At first the TUC started to call out key strategic sections of the class, slowly closing down the country, and rolling the strike on to greater levels of strangulation of the country and economy. Churchill and government mobilised the armed forces, sent tanks and armoured cars on the streets to seize the docks and food supplies, sent gunboats and armed marines up the major industrial cities in the way in which they had done in Dublin just nine years earlier, when the Irish rebels launched their rebellion and they had responded with navel bombardments of the city. There is no doubt many workers felt that the moment for a revolutionary seizure of power by the workers, through their unions was fast approaching. So did the Government and they called in the General Council as a whole, to meet the Cabinet. Stanley Baldwin, asked the TUC leadership if they had prepared their revolutionary government? They responded with genuine shock, that this was a simple economic trade dispute with no political content.

Baldwin assured them, that this was a challenge to the constitution, the legal authority of the government and very political system they lived in. He must have been fairly confident that the General Council wase not going to accept his resignation and ask him to vacate power. He was right of course, and the General Council went into secret negotiations with the owners to negotiate a deal behind the back of the miners, not consulting them until the deal had agreed a reduction in wages for the miners and an increase in hours. They then called off the strike and announced a victory for the miners. The miners themselves rejected the settlement, and the rank and file of the Trade Unions reacted with fury when the news of the sell out came through. Indeed more workers joined the strike after it was officially called off than when it was officially on. In part too, this was due to the fact that the unconditional surrender by the General Council had meant hundreds of workers in other major industries were now victimised by their employers, sacked and blacklisted. Still others went on the offensive and now imposed longer hours and lower wages on their workers too.

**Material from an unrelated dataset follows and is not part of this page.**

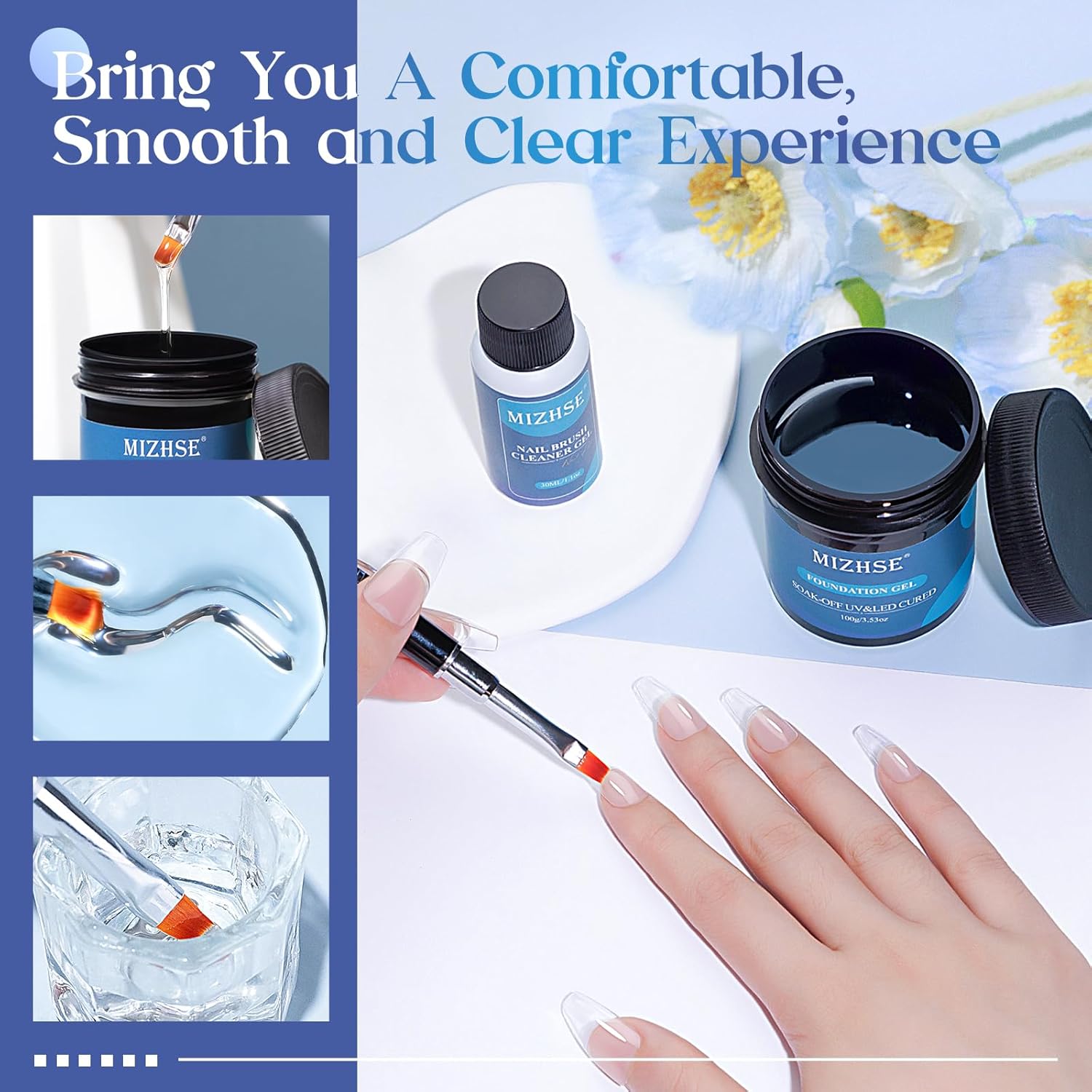 MIZHSE 100ML Base Coat for Gel Nail Polish, Super Large Capacity Base Coat Upgraded Formula Long-Lasting with Brush and Brush Cleaner Soak Off Nail Salon Home DIY

The miners continued their strike, bitterly isolated, sustained by the efforts of the workers of the world, through donations and soup kitchens. The workers of the USSR donated more than 50% of the relief, something which the miners never forgot. Battles raged through the mining districts and villages against police and soldiers, and near the end of the strike a blackleg organisation led by Spenser from Nottingham led a major break in the ranks of the miners and took the bulk of them back to work, and into an anti union scab organisation, again something which the miners nationwide never forgot, and ironically was to revisit us in 1984/85.

At length, and literally starving, the miners called off strike in the November of 1926. From days of hope, we descended into a decade of extreme poverty with the coal owners with a whip hand and the blacklist, and ruthless conditions in the mines themselves. My Dad told me he didn't think they were actually much better off at work than they had been scratching a living on strike, although now they were run ragged by the owners.

1926 left an indelible scar on the collective memory of the miners and their communities; TUC General Council was a name we grew up with associated with loathing and betrayal along with that Churchill and Spenser.